Transcribe only the lines in the data below falling between the line with "100 г какао" and the line with "Vite, vite, je", including those two lines, and leave out any picture.

*** Records provided Section Begins ***

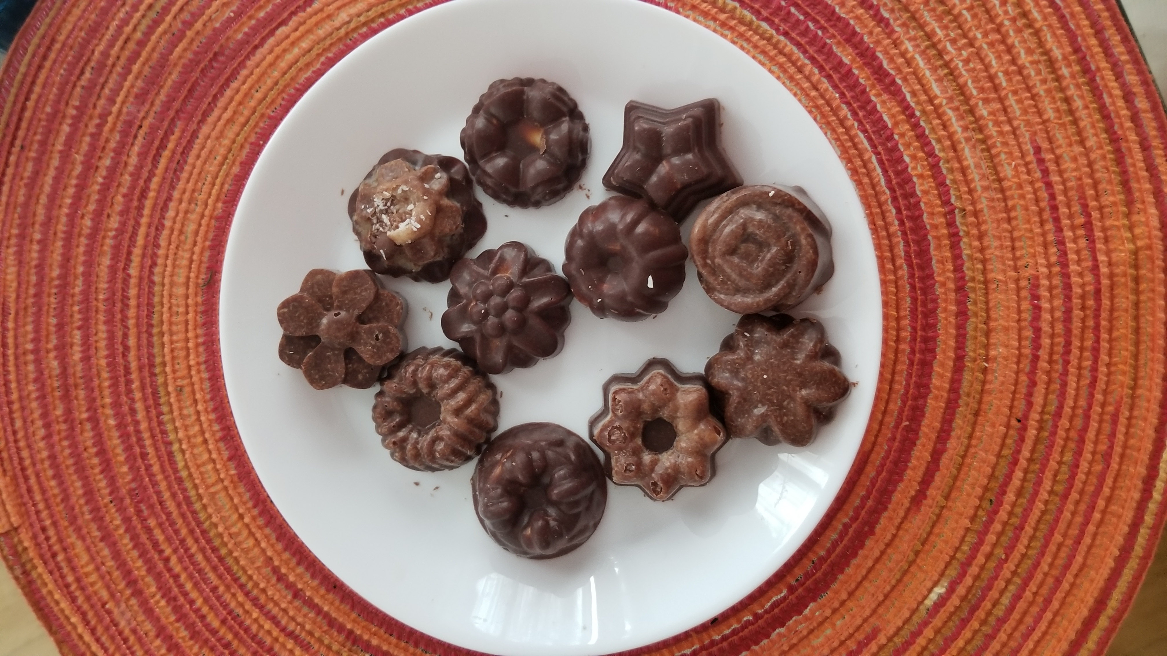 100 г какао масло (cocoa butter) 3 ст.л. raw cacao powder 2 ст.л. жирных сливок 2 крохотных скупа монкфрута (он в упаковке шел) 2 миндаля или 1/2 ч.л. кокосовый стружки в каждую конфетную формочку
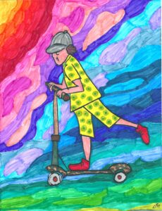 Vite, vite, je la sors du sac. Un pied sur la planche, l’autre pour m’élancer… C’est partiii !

*** Records provided Section Ends ***
*** Records provided Section Begins ***

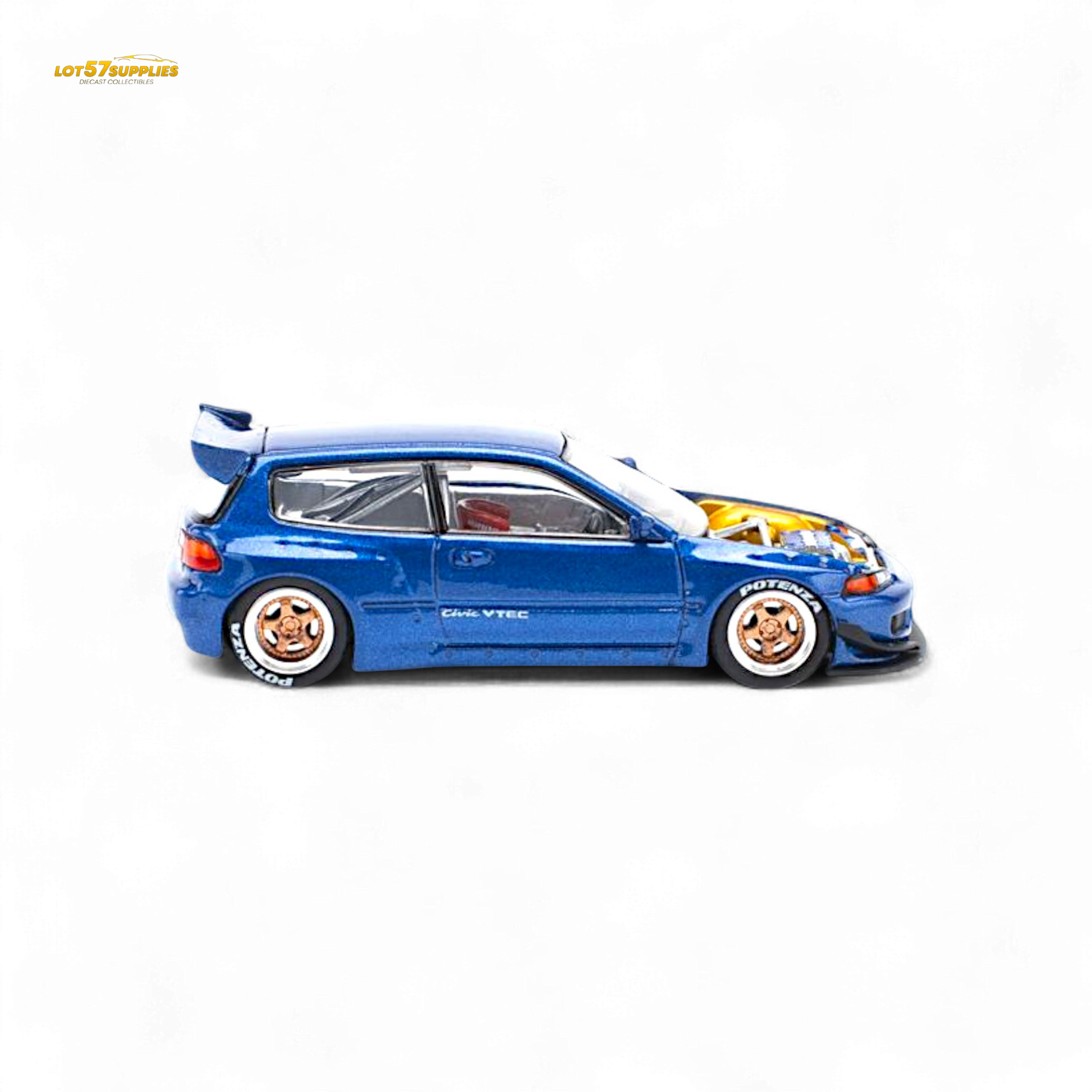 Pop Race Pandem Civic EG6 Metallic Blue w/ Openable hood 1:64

*** Records provided Section Ends ***

#### Task result
 100 г какао масло (cocoa butter) 3 ст.л. raw cacao powder 2 ст.л. жирных сливок 2 крохотных скупа монкфрута (он в упаковке шел) 2 миндаля или 1/2 ч.л. кокосовый стружки в каждую конфетную формочку
 Vite, vite, je la sors du sac. Un pied sur la planche, l’autre pour m’élancer… C’est partiii !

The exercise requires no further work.